If you compile to AST and walk that then your portability is at the source level; you have to send the source over the wire; each target then needs a parser+walker and each target needs to parse+walk. If you compile to bytecode you can send bytecode over the wire and then simply interpret that bytecode.

Portability. Say I wanted to make language X run on all platforms, but I didn't actually care about compiling it on all platforms. I can just write a relatively simple VM for each platform. This is one of the reasons Java was and still kinda is so ubiquitous

  • Wouldn't writing an interpreter for each platform be less work and achieve the same goal as writing a VM for each platform?

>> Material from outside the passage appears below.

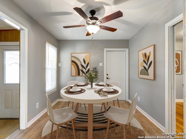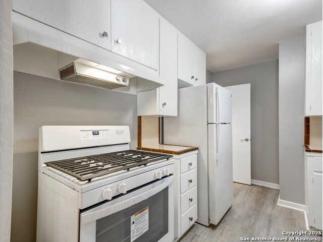 Sweet traditional home featuring original 1956 wood flooring. Very clean and clearly loved by the original owner who owned 1956-2013. Quaint 50's tile in the bathrooms and kitchen, mature trees and vinyl siding. Fresh interior paint, wood floor was refinished, modern hardware and window treatments installed. New free-standing gas range. Covered patio. Large exterior workshop. Previous owner installed vinyl laminate in kitchen/breakfast. Lots of built-in storage in the garage. Utility is located in garage. Gas dryer conveys. The wood platform to the workshop needs work. You'll love this home!

    Edit: ^Aside from being able to execute the bytecode on any platform

    • Why would it be less work? The interpreter will need to implement whatever operations a VM can perform, so a priori it's at least as much work. Bonus, if you can bootstrap the source->bytecode process, then you only need to write (and compile) that once to get a full-fledged interpreter on every host with a VM

    • As others mentioned, source code should be distributed that way, and I think creating a simple VM is easier than a simple language parser. But of course, an optimizing one can be really quite complex in both cases.

Gambit Scheme, CLISP, CMUCL are capable of interpreting ASTs, and I believe (although I'm not 100% sure) that this is the case for Lispworks and Allegro CL as well. Also, Ruby until version 1.8.